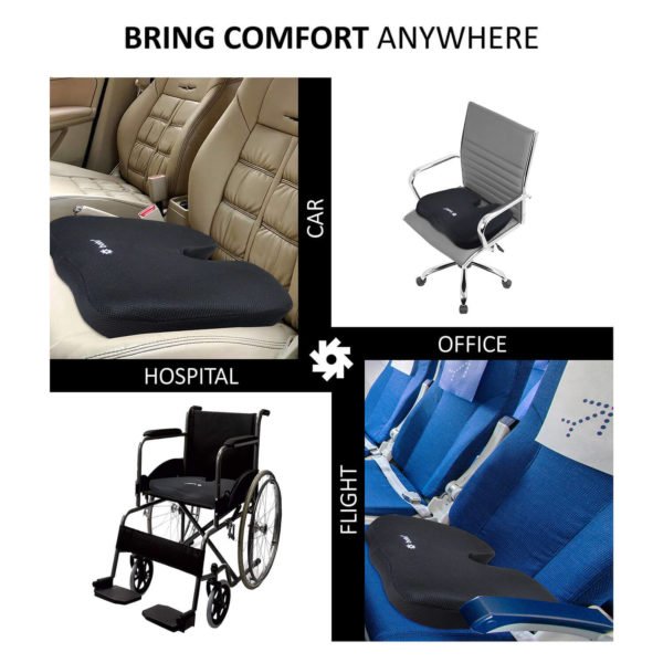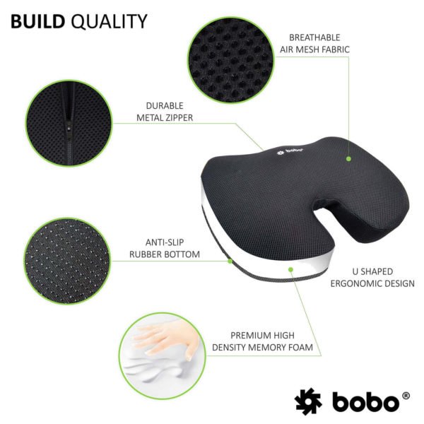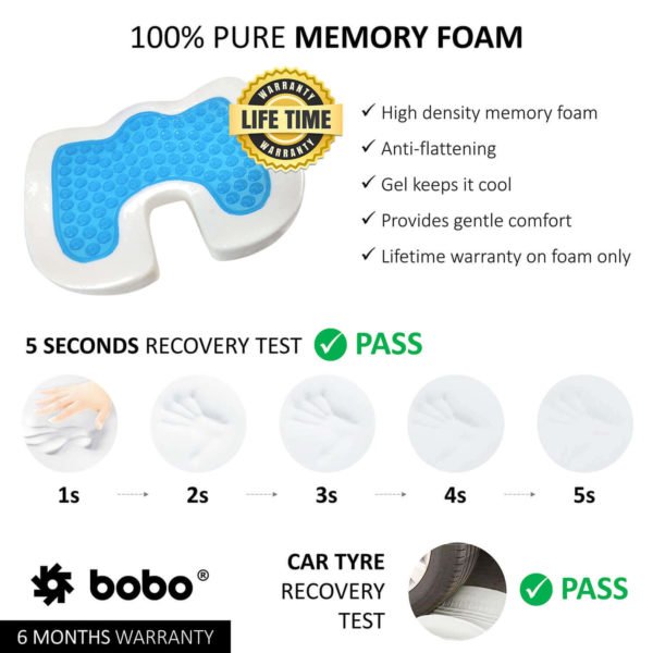 BOBO Gel Enhanced Memory Foam Seat Cushion – Orthopedic Coccyx (Tailbone) Cushion for Back Pain Relief – Sciatica Pillow for Office Chair, Car Seat & Travel
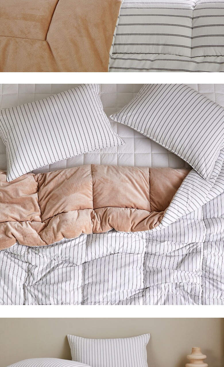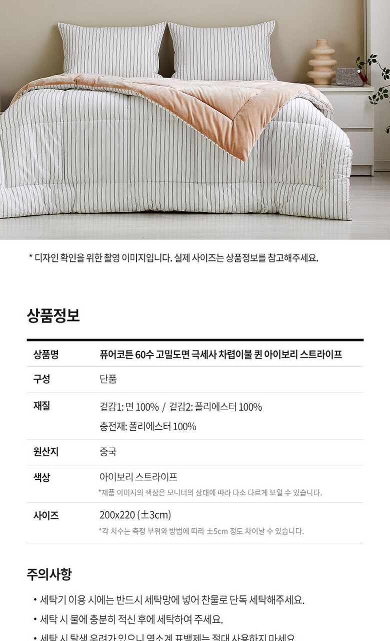 모던하우스 퓨어코튼 60수 고밀도면 극세사 차렵이불 퀸 아이보리 스트라이프 CV0225223
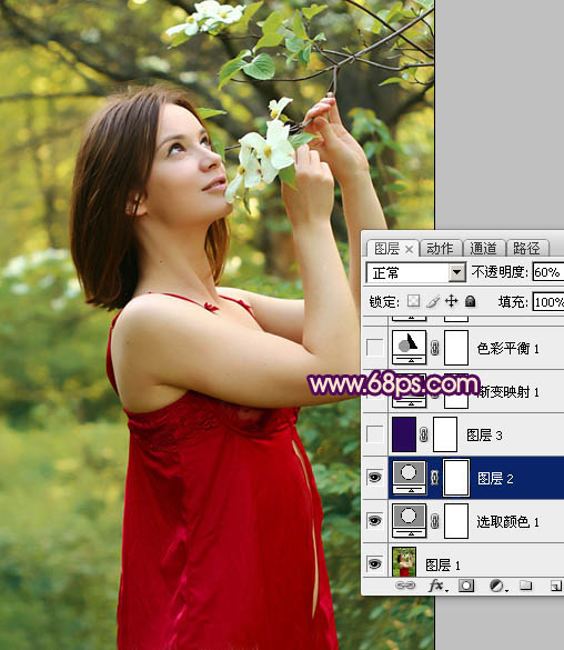 2、按Ctrl + J 把当前可选颜色调整图层复制一层,图层不透明度改为:60%,加强一下背景颜色,效果如下图。
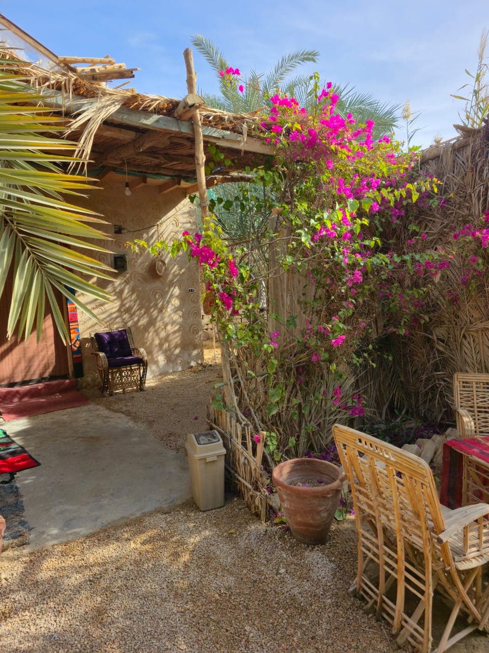 Looking for a serene retreat in Siwa? Welcome to your hidden desert gem nestled among palm trees. Warm desert days and cool nights are perfectly balanced here with a custom designed Siwan shaped pool for daytime dips and a cozy fire pit for evenings. You can enjoy stargazing and a view of the date palm forest from our spacious roof deck. For a unique culinary experience, our house chef can prepare and deliver delicious Siwan food right to your door. Embrace nature and unwind with us!
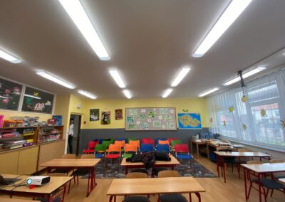 The implementation significantly improved the quality of the lighting environment in the school. The new LED pro-cognitive lighting, with properties close to natural daylight, positively affects concentration, increases visual comfort, and contributes to a more pleasant overall classroom atmosphere.
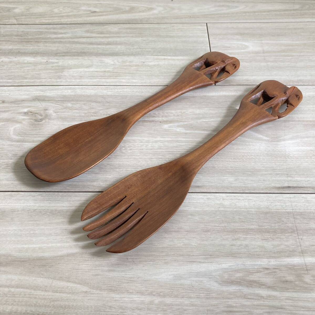 - ビンテージ チーク無垢材 サラダサーバーセット 象モチーフ
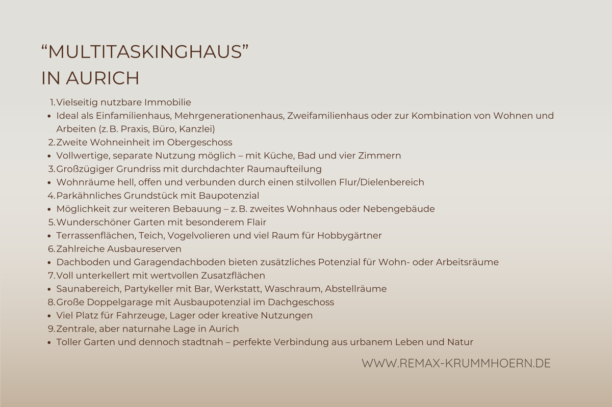 Dieses Multitaskinghaus steht für Lebensqualität in ihrer flexibelsten Form. Es bietet nicht nur Platz, sondern vor allem Möglichkeiten – für Familien, Unternehmer, Kreative und alle, die Wohnen nicht nur als Funktion, sondern als Lebenskonzept verstehen. Ein Haus mit Charakter, (Ausbau)Potenzial und Raum für Visionen, verbunden mit der Kombination aus urbanem Komfort und naturnaher Umgebung machen dieses Angebot zu einem außergewöhnlichen Zuhause.
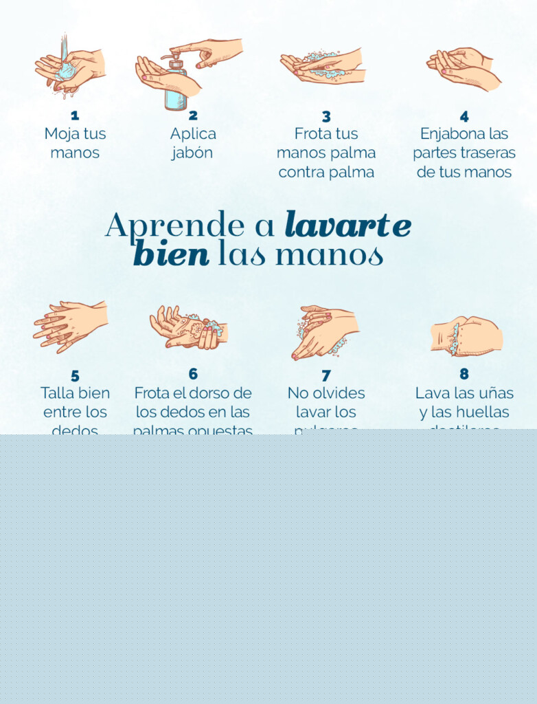 - Recuerda que el lavado de manos tiene que durar al menos 20 segundos.
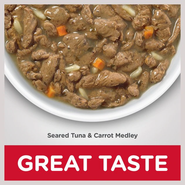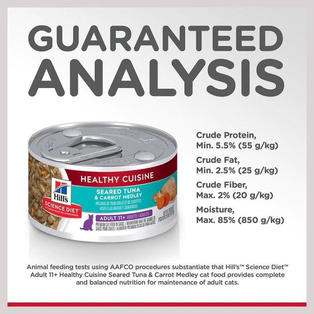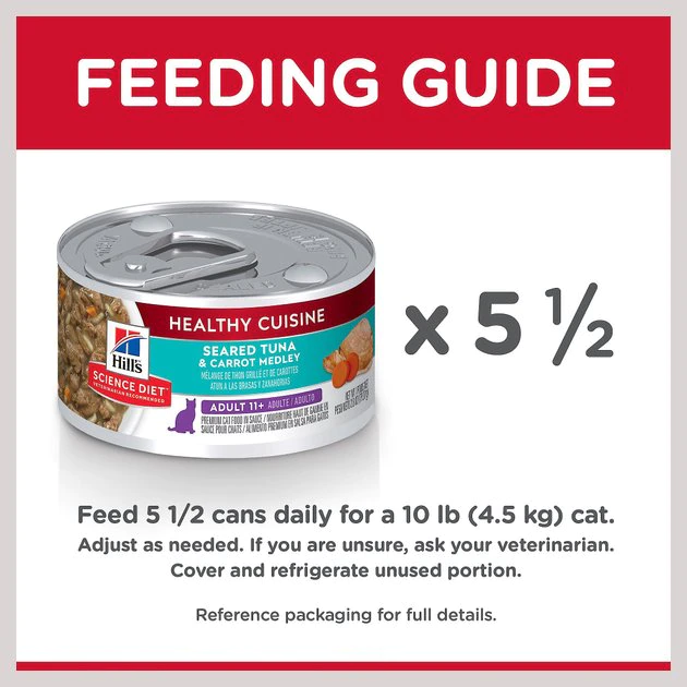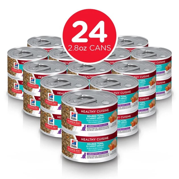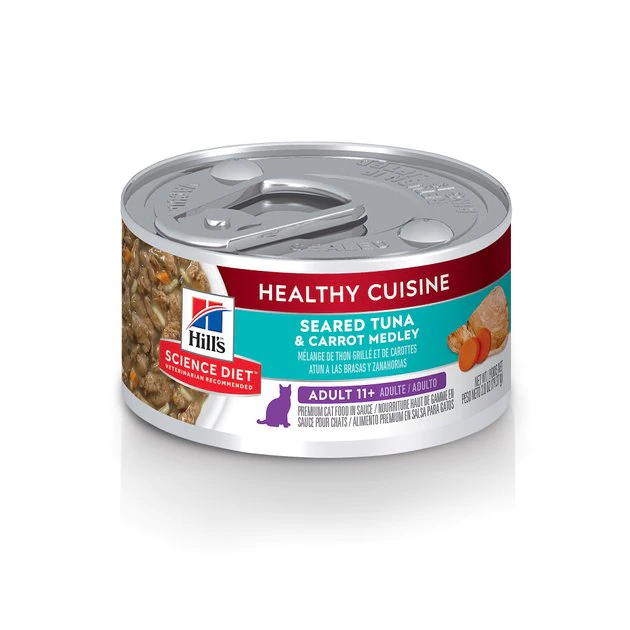 What you feed your pet matters, especially during her senior years. That’s why Hill’s has great-tasting, nutritious food to help your mature cat thrive as she continues to age. Hill’s Science Diet Adult 11+ Healthy Cuisine Seared Tuna & Carrot Medley Canned Cat Food combines the delicious flavors of seared tuna and tender carrots in a mouthwatering sauce. Free of artificial flavors and preservatives, this wholesome recipe provides your mature cat with the perfect balance of taste and nutrition.
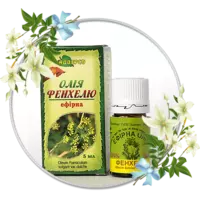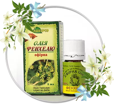 Ефірна олія фенхелю усуває метеоризм, втрату апетиту, атонію ШКТ, аерофагію, сечові камені, подагру, недостатність місячних, легеневі захворювання, грип, болі в шлунку, нервову блювоту, недостатність молока у годувальниць, кишкові паразити. Підтягує шкіру обличчя (1-2 краплі в нічний крем - на 1 прийом).
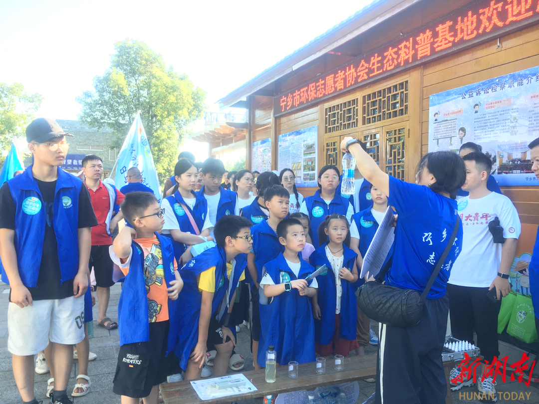 活動中,志愿者們舉起右手進行宣誓,隨后來到碧波蕩漾的溈江河畔開始巡河凈灘。經過一個多小時的凈灘結束后,孩子們轉場至生態科普中心前坪,圍聚在水質檢測儀旁,興趣盎然地觀察實驗過程。
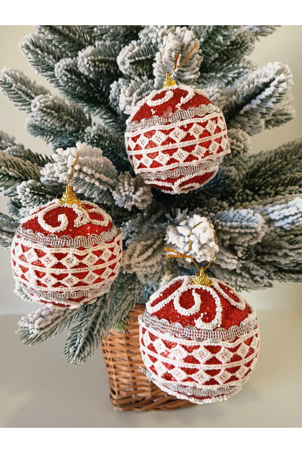 Набір ялинкових куль 8 см підійде для прикраси зелених, блакитних та засніжених ялинок розміром від 0,7 метра і вище. Кулі червоного кольору мають пластикову основу, декоровані орнаментом і блиском.
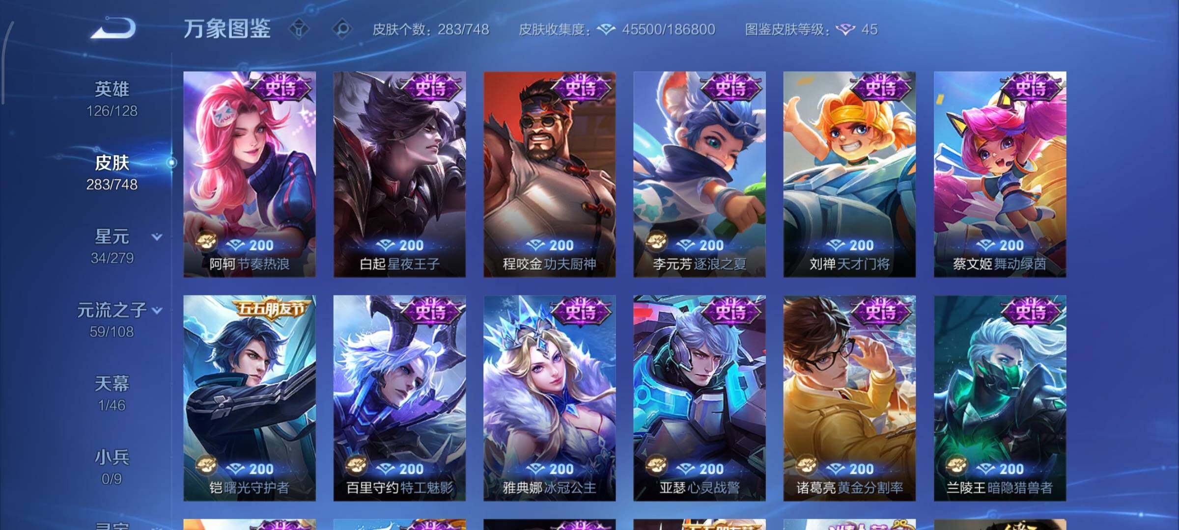 【店铺主推·鸣剑曳影·碎月剑心·马可怪盗基德·鲁班柯南·九山相柳·澜愿照九州拓·祥瑞亨通·澜逐花归海·花朝如约·镜炽阳神光·一念神魔·可二次】YXw9655-安卓Q-126英雄-283皮肤-11王者印记-260铭文-贵族积分7w【贵族8】【1典藏·1无双·2珍品·1星传说·19传说·1天幕·25按键·272幸运值】【因赛季更新游戏段付以上号为准!】
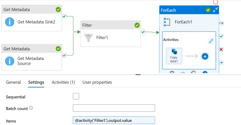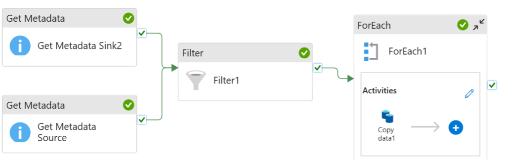 Pobieramy informacje o plikach w folderze 1 (źródłowym) i folderze 2 (docelowym), następnie filtrujemy takie pliki z folderu 1, które nie występują w folderze 2 i dla każdego takiego znalezionego pliku tworzymy operację copy data.
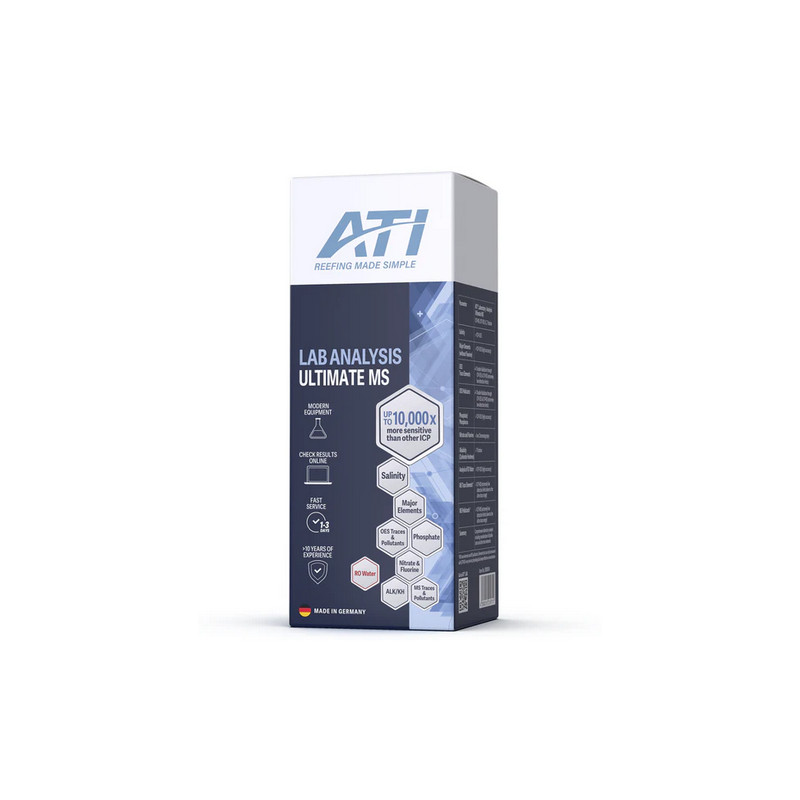 L'analyse de base de l'eau ATI ICP-OES est une analyse de laboratoire de 40 à 50 paramètres* de l'eau d'un aquarium récifal (*selon version). Elle offre un aperçu complet de la santé de l'aquarium, ce qui est impossible avec les équipements de test traditionnels.
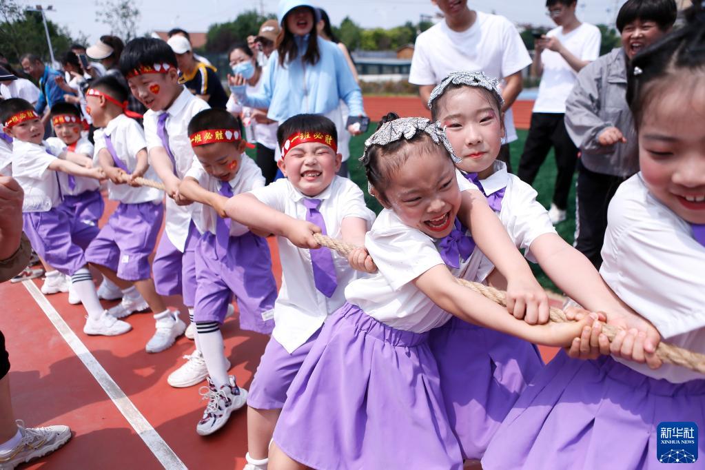 6月1日,山東省青島市即墨區書(shū)香小學(xué)的學(xué)生參與拔河比賽。
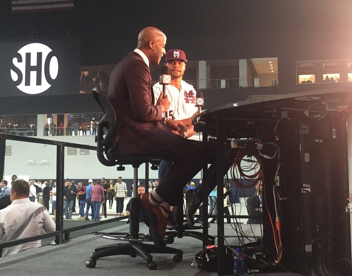 Dak repping MSU for an interview during a fight at the Ford Center in Dallas on Showtime
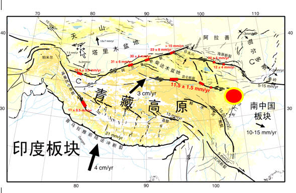 印度板塊向亞洲板塊俯沖,造成青藏高原快速隆升。高原物質(zhì)向東緩慢流動(dòng),在高原東緣沿龍門山構(gòu)造帶向東擠壓,遇到四川盆地之下剛性地塊的頑強(qiáng)阻擋,造成構(gòu)造應(yīng)力能量的長期積累,最終在龍門山北川-映秀地區(qū)突然釋放。

■ ■ ■ ■ ■ ■ ■

TASK GOAL: Take the lines from the start of the material to the line with "- Recuerda que", both included, and transcribe them exactly without the pictures.

EXERCISE ANSWER:
 BOBO Gel Enhanced Memory Foam Seat Cushion – Orthopedic Coccyx (Tailbone) Cushion for Back Pain Relief – Sciatica Pillow for Office Chair, Car Seat & Travel
 모던하우스 퓨어코튼 60수 고밀도면 극세사 차렵이불 퀸 아이보리 스트라이프 CV0225223
 2、按Ctrl + J 把当前可选颜色调整图层复制一层,图层不透明度改为:60%,加强一下背景颜色,效果如下图。
 Looking for a serene retreat in Siwa? Welcome to your hidden desert gem nestled among palm trees. Warm desert days and cool nights are perfectly balanced here with a custom designed Siwan shaped pool for daytime dips and a cozy fire pit for evenings. You can enjoy stargazing and a view of the date palm forest from our spacious roof deck. For a unique culinary experience, our house chef can prepare and deliver delicious Siwan food right to your door. Embrace nature and unwind with us!
 The implementation significantly improved the quality of the lighting environment in the school. The new LED pro-cognitive lighting, with properties close to natural daylight, positively affects concentration, increases visual comfort, and contributes to a more pleasant overall classroom atmosphere.
 - ビンテージ チーク無垢材 サラダサーバーセット 象モチーフ
 Dieses Multitaskinghaus steht für Lebensqualität in ihrer flexibelsten Form. Es bietet nicht nur Platz, sondern vor allem Möglichkeiten – für Familien, Unternehmer, Kreative und alle, die Wohnen nicht nur als Funktion, sondern als Lebenskonzept verstehen. Ein Haus mit Charakter, (Ausbau)Potenzial und Raum für Visionen, verbunden mit der Kombination aus urbanem Komfort und naturnaher Umgebung machen dieses Angebot zu einem außergewöhnlichen Zuhause.
 - Recuerda que el lavado de manos tiene que durar al menos 20 segundos.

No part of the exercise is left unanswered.